[Your goal]
Of all the entries below, only the lines from the one with "Tagged: chickadee small" up to and including the one with "- mai multe" are to be duplicated exactly.

[Input material]
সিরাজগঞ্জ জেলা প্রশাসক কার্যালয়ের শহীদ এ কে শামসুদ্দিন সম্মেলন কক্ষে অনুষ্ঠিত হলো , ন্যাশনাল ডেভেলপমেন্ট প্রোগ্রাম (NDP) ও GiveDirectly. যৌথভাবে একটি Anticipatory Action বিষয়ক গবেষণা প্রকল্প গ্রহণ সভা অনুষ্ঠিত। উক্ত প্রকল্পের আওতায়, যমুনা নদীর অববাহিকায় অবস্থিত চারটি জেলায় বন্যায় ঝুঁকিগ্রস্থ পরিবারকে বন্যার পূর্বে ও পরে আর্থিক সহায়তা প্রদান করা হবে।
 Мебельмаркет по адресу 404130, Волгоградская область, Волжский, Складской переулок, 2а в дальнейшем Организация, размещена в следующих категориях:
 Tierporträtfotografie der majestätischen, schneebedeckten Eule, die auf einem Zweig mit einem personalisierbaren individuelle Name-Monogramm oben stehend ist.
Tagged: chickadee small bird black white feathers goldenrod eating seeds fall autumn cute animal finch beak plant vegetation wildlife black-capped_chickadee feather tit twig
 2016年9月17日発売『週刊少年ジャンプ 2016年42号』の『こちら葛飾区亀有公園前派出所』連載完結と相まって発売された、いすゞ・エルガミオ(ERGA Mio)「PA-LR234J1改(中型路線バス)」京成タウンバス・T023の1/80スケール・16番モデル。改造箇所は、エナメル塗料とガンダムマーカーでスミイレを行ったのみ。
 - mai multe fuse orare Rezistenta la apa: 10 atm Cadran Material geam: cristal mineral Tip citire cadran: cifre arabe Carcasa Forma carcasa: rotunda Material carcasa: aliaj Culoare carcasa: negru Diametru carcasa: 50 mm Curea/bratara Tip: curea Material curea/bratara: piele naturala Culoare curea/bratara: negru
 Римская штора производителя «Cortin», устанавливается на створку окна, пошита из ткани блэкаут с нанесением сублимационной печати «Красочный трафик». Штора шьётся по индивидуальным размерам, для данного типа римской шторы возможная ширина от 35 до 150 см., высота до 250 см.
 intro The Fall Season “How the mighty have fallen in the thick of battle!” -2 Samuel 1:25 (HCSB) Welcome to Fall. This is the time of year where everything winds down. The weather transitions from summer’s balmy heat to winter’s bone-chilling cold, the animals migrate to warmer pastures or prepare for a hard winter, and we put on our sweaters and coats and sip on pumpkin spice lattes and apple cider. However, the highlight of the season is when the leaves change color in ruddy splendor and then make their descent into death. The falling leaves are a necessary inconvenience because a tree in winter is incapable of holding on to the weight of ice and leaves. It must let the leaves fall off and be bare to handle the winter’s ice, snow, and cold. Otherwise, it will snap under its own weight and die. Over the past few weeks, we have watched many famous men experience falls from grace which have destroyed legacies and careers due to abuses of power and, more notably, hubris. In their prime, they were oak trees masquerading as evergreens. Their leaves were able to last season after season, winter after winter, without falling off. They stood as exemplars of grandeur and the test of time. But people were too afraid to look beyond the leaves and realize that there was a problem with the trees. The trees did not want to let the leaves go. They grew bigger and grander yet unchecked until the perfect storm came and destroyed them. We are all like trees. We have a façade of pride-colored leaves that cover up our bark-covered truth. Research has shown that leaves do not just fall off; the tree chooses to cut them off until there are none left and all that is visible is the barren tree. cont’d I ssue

[Response below]
Tagged: chickadee small bird black white feathers goldenrod eating seeds fall autumn cute animal finch beak plant vegetation wildlife black-capped_chickadee feather tit twig
 2016年9月17日発売『週刊少年ジャンプ 2016年42号』の『こちら葛飾区亀有公園前派出所』連載完結と相まって発売された、いすゞ・エルガミオ(ERGA Mio)「PA-LR234J1改(中型路線バス)」京成タウンバス・T023の1/80スケール・16番モデル。改造箇所は、エナメル塗料とガンダムマーカーでスミイレを行ったのみ。
 - mai multe fuse orare Rezistenta la apa: 10 atm Cadran Material geam: cristal mineral Tip citire cadran: cifre arabe Carcasa Forma carcasa: rotunda Material carcasa: aliaj Culoare carcasa: negru Diametru carcasa: 50 mm Curea/bratara Tip: curea Material curea/bratara: piele naturala Culoare curea/bratara: negru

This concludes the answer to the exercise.